By now, it’s a familiar statistic: nearly two-thirds of family-owned businesses do not survive the founders’ generation. And while that appears to be a bleak figure, research bears out that family-owned companies overall typically have qualities that give them the edge over nonfamily ones.

Many studies have been conducted to determine what contributes to long-term, family-owned business success, and what factors are prevalent in those that fail to make it past the second generation. Here are some commonly held findings to help you understand what makes or breaks the family biz, in order to sustain your own entrepreneurial success for generations to come.

Long-term perspective, but short on strategy

Family businesses have an uncommon commitment and a deep responsibility to keep their companies going. They’re in it for the long haul, and with so much at stake, they typically have a greater incentive to work through conflict, maintain unity, and preserve the wealth. What’s more, growing up in a family business more often than not creates born leaders who have a sense of the company and a passion for the business that outsiders cannot match. All these traits add up to competitive advantages.  

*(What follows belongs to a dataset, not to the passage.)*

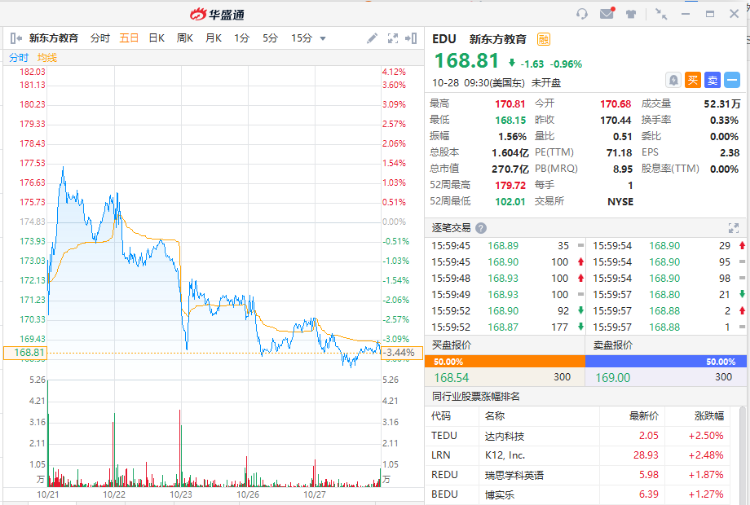 2006年9月7日,新东方在纽交所上市时的发行价仅为15美元,截至发稿,其美股股价约为168.8美元。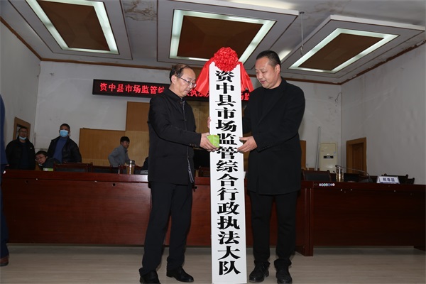 四川新闻网消息 12月25日,新组建的资中县市场监管综合行政执法大队、市场监督管理所(市场监管执法中队)在资中县市场监督管理局举行揭牌仪式。

Ironically, despite their long-term aspirations, many fail to plan for succession, a key factor for survival. The growing trend to retire at an earlier age only compounds the dire necessity to ensure that a sound managerial transition plan is in place. 

Good at the basics

A track record of taking care of its human capital is often a hallmark of family businesses. Because they view employees as a long-term resource, they tend to generate loyalty and are less likely to resort to layoffs in a downturn. This attention to the importance of employee assets can yield big returns in reduced turnover and higher productivity. 

Agility is also a fundamental attribute. When it comes to decision-making, tightly controlled family companies can typically move faster than big corporate bureaucracies, a noteworthy advantage in today’s business world.

Their additional competitive advantages can include higher quality service and stronger customer relationships, both essential foundations for success.

An aversion to risk

Family businesses are indeed performance oriented, however, the focus is on long-term performance. Consequently, this perspective on long-term capital, in order to provide for succeeding generations, is a balancing force for the short-term perspective held by many financial markets and institutions.

They’re also strongly cash-oriented. As a result, their debt tends to be comfortably low while their risk aversion is inordinately high. Because they’re willing to build a business over time, they’re willing to reinvest heavily in their company to make it stronger before it becomes more profitable. Their investments generally may not offer rapid returns, but do yield good, solid returns over time. This can mean that their businesses aren’t as wildly successful in prosperous times, but it helps to ensure survival, with healthy profitability, over the long term.

Growing with governance

A family’s principal members must be both active stewards of their assets and responsible owners. The best-run operations understand the need to establish a strong system of checks and balances. Through good governance, such companies put into place formal structures to both ensure its professional management and support the family’s ongoing commitment to carry the torch.

Some of the key examples of good governance include building a strong board to provide the family business with valuable outside perspectives, and creating standards that promote meritocracy, whereby family members must earn and prove their management competence. It’s important to operate with a merit system that reinforces expectations, encourages work experience outside the company as well as experience gained from starting at the bottom and working upward, and provides training on how to be responsible owners or managers.

Other issues addressed by formal agreements include rules for handling conflict, planning for an increasing number of heirs, accommodating shareholders or restricting share trading, and teaching successive generations how to be effective owners.

With clear guidelines and procedures in place, families can better focus their efforts on long-term success strategies.